U kunt prioriteit geven aan de instellingen die geconfigureerd zijn in het printerstuurprogramma of in opdrachten en aan de instellingen die geconfigureerd zijn in het bedieningspaneel voor elke lade als de printer afdrukgegevens ontvangt.
Als [Driver/Opdracht] geselecteerd is, worden de papierinstellingen opgegeven met het printerstuurprogramma of via de ingave van opdrachten, ongeacht de opgegeven papierinstellingen in de printer.
Als [Apparaatinstellingen] geselecteerd is, worden de papierinstellingen geconfigureerd met het bedieningspaneel van de printer op alle afdruktaken toegepast. Er treedt een fout op als de papierinstellingen van de printerstuurprogramma-opdrachten niet overeenkomen met de instellingen in de printer.

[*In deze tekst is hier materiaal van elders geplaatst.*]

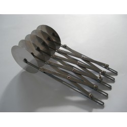 Tagliapasta in acciaio inox, regolabile, estensibile. Chiamato dagli chef e dai pasticcieri anche "bicicletta". Dotato di dispositivo di bloccaggio per mantenere la larghezza desiderata durante la fase di taglio, così da evitare il rischio di righe storte o non uniformi. Professionale. E' formato da 5 o 7 lame lisce da cm.9,5. Ideale per tagliare strisce di pasta tutte uguali da cm.1 fino a cm.12,5.
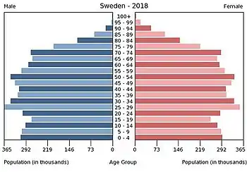 Other Nordic countries face the same situation. Denmark, Norway, Finland, and Iceland all saw their fertility rates decline in the late 2010s to between 1.49 and 1.71 from previously near replacement level, although their economies had already recovered from the Great Recession by that time. "The number of childless individuals is growing rapidly, and the number of women having three or more children is going down. This kind of fall is unheard of in modern times in Finland," family sociologist Anna Rotkirch told AFP.[58] According to Statistics Finland, the total fertility rate of that country in 2019 was 1.35, the lowest on record.[59] Causes for this decline include financial uncertainty, urbanization, rising unemployment, declining median income, and high cost of living. Falling fertility rates jeopardize the much prized Nordic welfare systems.[58][60] Generous parental benefits, including subsidized childcare, have proven ineffective in halting the demographic decline.[13] According to a 2020 report from Nordic Council of Ministers, the Finns were aging at a faster rate than any of their counterparts in the Nordic region.[60] Statistics Finland predicted in 2019 that given current trends in fertility and migration, Finland's population would begin to decline by 2031.[61]
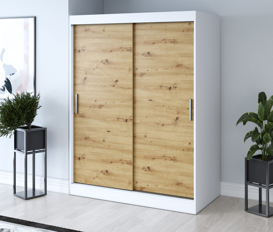 Strona główna > Szafy przesuwne > Szafa przesuwna 150×200 Gold , Biały mat / Dąb Artisan
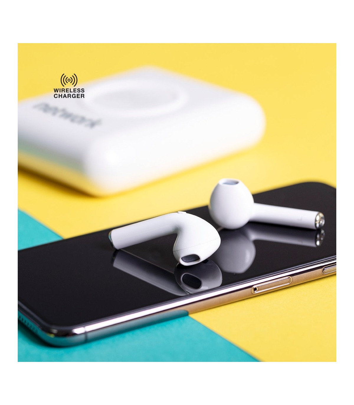 Set de auriculares intraurales con batería auxiliar externa y carga inalámbrica o por cable de 5.200 mAh de capacidad y conexión de entrada Tipo C. Recargables mediante puerto USB -cable incluido- y base con tapa de bisagra.
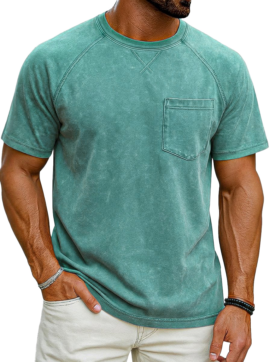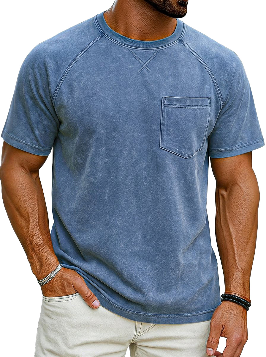 Vintage distressed raglan sleeve short-sleeved crew neck T-shirt

Druk op [Systeem] op het [Printereigenschappen]-scherm.
Voor meer informatie over toegang tot het scherm [Printereigenschappen], zie Weergave van de printerconfiguratie-schermen op het bedieningspaneel.
Druk herhaaldelijk op [] totdat [Lade-instelling prioriteit] verschijnt.
Druk op [Lade-instelling prioriteit].
Selecteer de papierlade waarvoor u de instellingen wilt wijzigen.
Selecteer de instelling waarvan u een prioriteit wilt maken.
Om de prioriteit in te stellen voor de in het stuurprogramma opgegeven instellingen of door de ingevoerde opdracht, selecteert u [Driver/Opdracht].
Om de prioriteit in te stellen voor de instellingen die op het bedieningspaneel zijn gemaakt, selecteert u [Apparaatinst.].
Druk op [OK].
Druk op de knop [Gebruikersinstellingen].
Voor informatie over de items die geconfigureerd kunnen worden, zie Systeem.
[Elk type] kan ook gespecificeerd worden als [Handinvoer] geselecteerd is. Raadpleeg voor meer informatie Fouten met papierinstellingen voorkomen.